Da minha amiga Claudia Wild, nas redes sociais:

A badalada atriz global Fernanda Torres, renomada esquerda caviar do Leblon e adjacências, resolveu com seu amiguinho Marcelo Freixo - deputado do PSOL, partido antissemita, especialista em queimar bandeiras de Israel - visitar um presídio carioca para depois tecer suas considerações humanistas na Folha de São Paulo.

Lá, a bondosa visitante encontrou aquilo que já sabemos existir, mas "perplexa" com tanta indignidade nas instalações resolveu de forma infeliz comparar o recinto com campos de concentração como Treblinka e Auschwitz.


Alguém poderia esclarecer para esta "iluminada“ que os citados campos e suas vítimas não podem JAMAIS ser comparados com presídios, pois lá estavam INOCENTES, crianças, velhos, homens e mulheres indefesos; pessoas que cometeram o "crime hediondo“ de ter o sangue judeu. Esta comparação esdrúxula é abjeta, pois por pior que seja um presídio ( local para criminosos - se ela ainda não sabe ) ele não encontra equivalência alguma com locais de extermínio dos judeus mantidos pelos desprezíveis nazistas.

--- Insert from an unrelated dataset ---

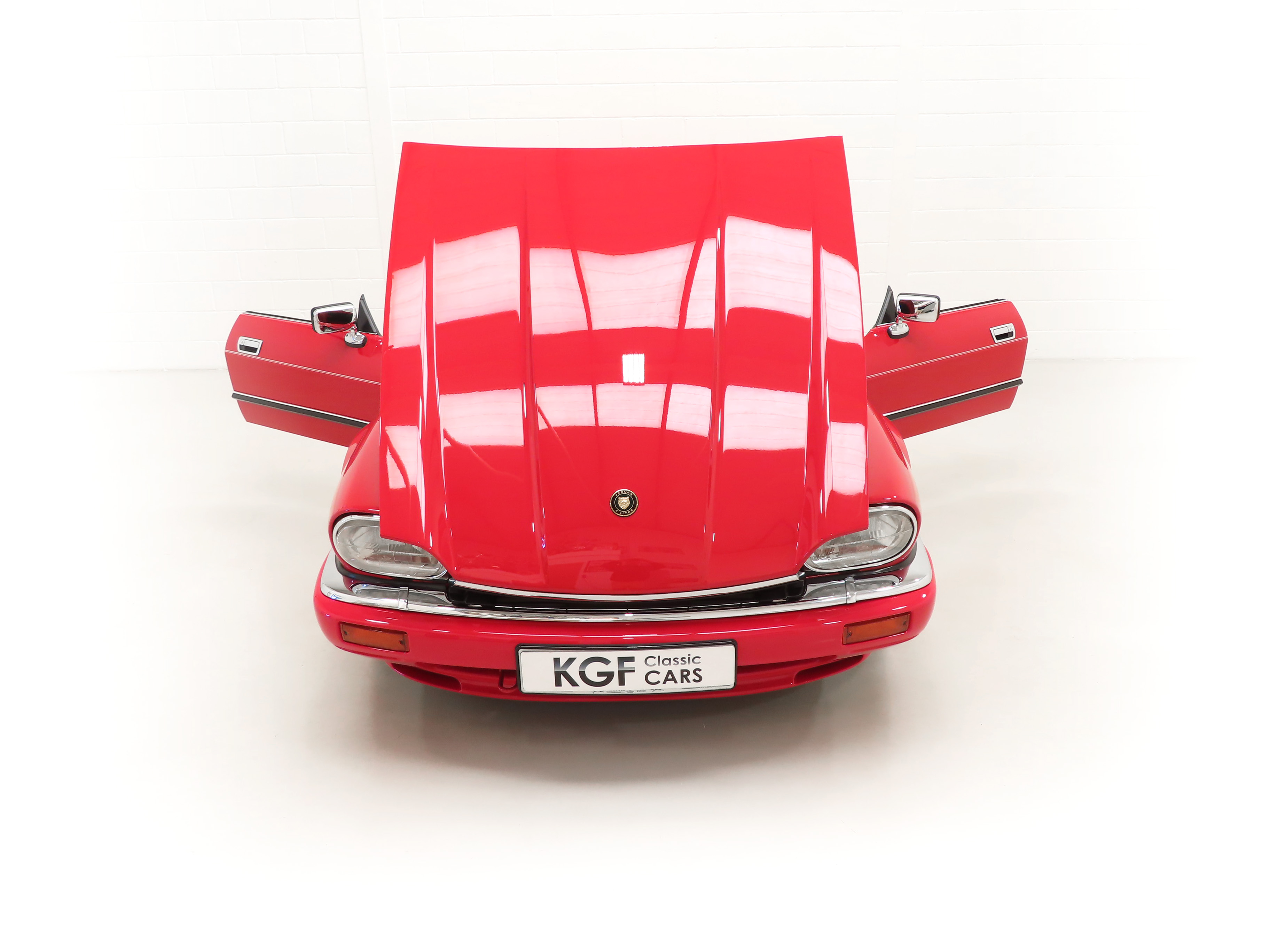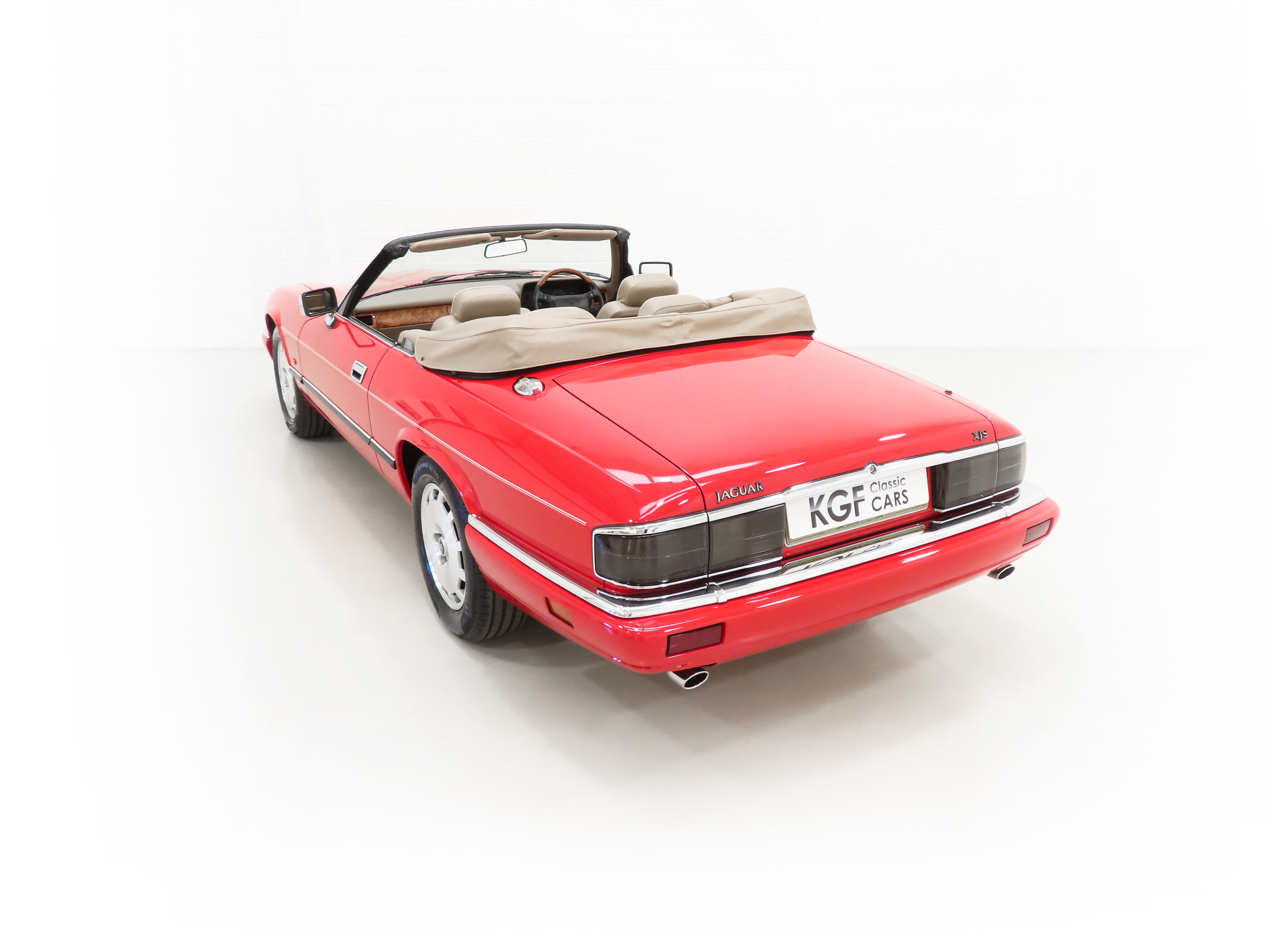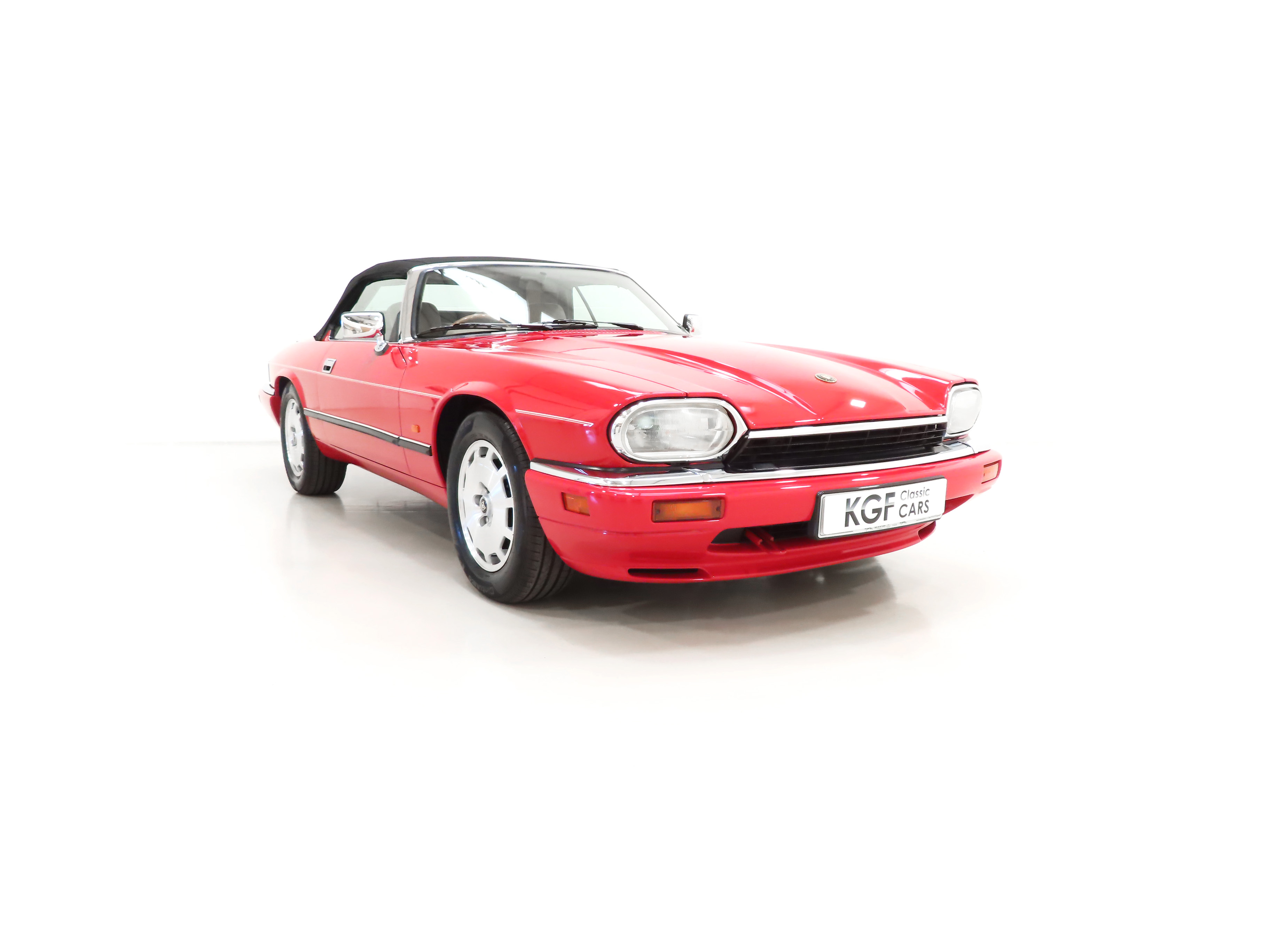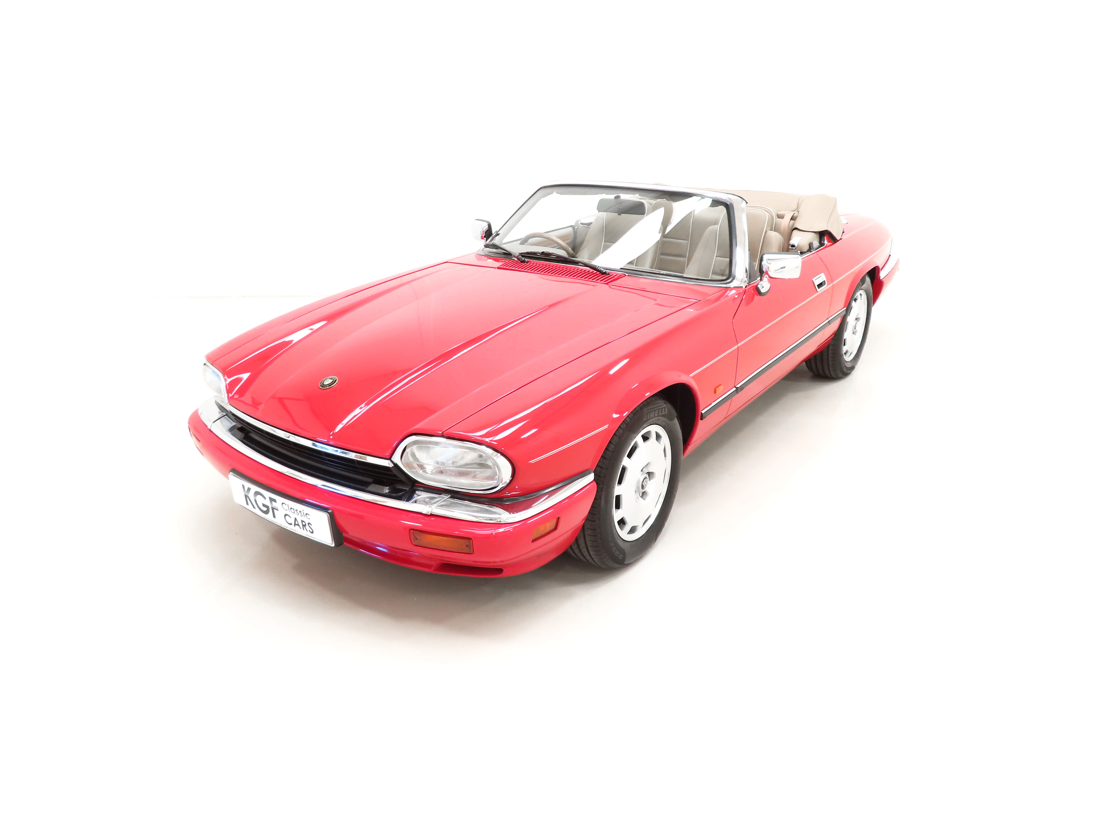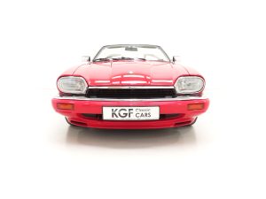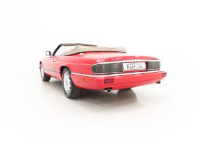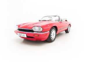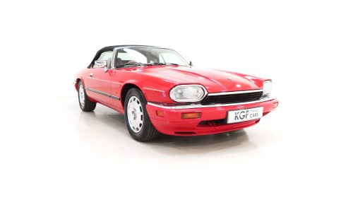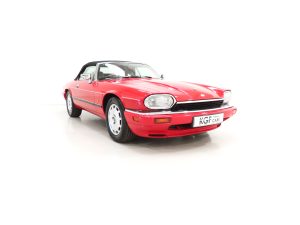 This exquisite example is the 2+2 Convertible finished in factory original Signal Red, (Code CFC), which compliments the elegant sporting lines of this classic drop-head. First paint credentials are rare and the Signal Red boasts an incredible deep glossy shine and uniform finish that will simply fascinate, even down to the original hand painted twin coachline. The beautiful quality chrome enhancements are mirror bright and the supplying dealer fitted number plates remain. The factory fitted hood with perfect tonneau cover presents as new, thanks to strict garage storage with an additional Jaguar soft cover to fully protect from sun fading. A final incarnation of the captivating XJS marque exceptionally represented in this pristine example.

Da próxima vez, a zelosa humanista de araque poderia visitar, por exemplo, as famílias dos policiais executados no Rio de Janeiro e que nenhum de seus pares saiu para averiguar se precisam de um pão, ou um simples remédio. Ou quem sabe, minha senhora, poderia visitar os funcionários públicos cariocas que estão há meses sem receber seus salários, vivendo na penúria, pois os políticos que a senhora defende arruinaram o estado do Rio de Janeiro e o Brasil.

Mas, como a hipocrisia impera em sua casta, se preferir pode visitar um presídio mesmo, visita o ex-governador Sérgio Cabral e cobra dele o que ele roubou, para depois levar aos seus protegidos, mas não faça comparações estapafúrdias que só mostram seus valores deturpados, sua ignorância e seu antissemitismo.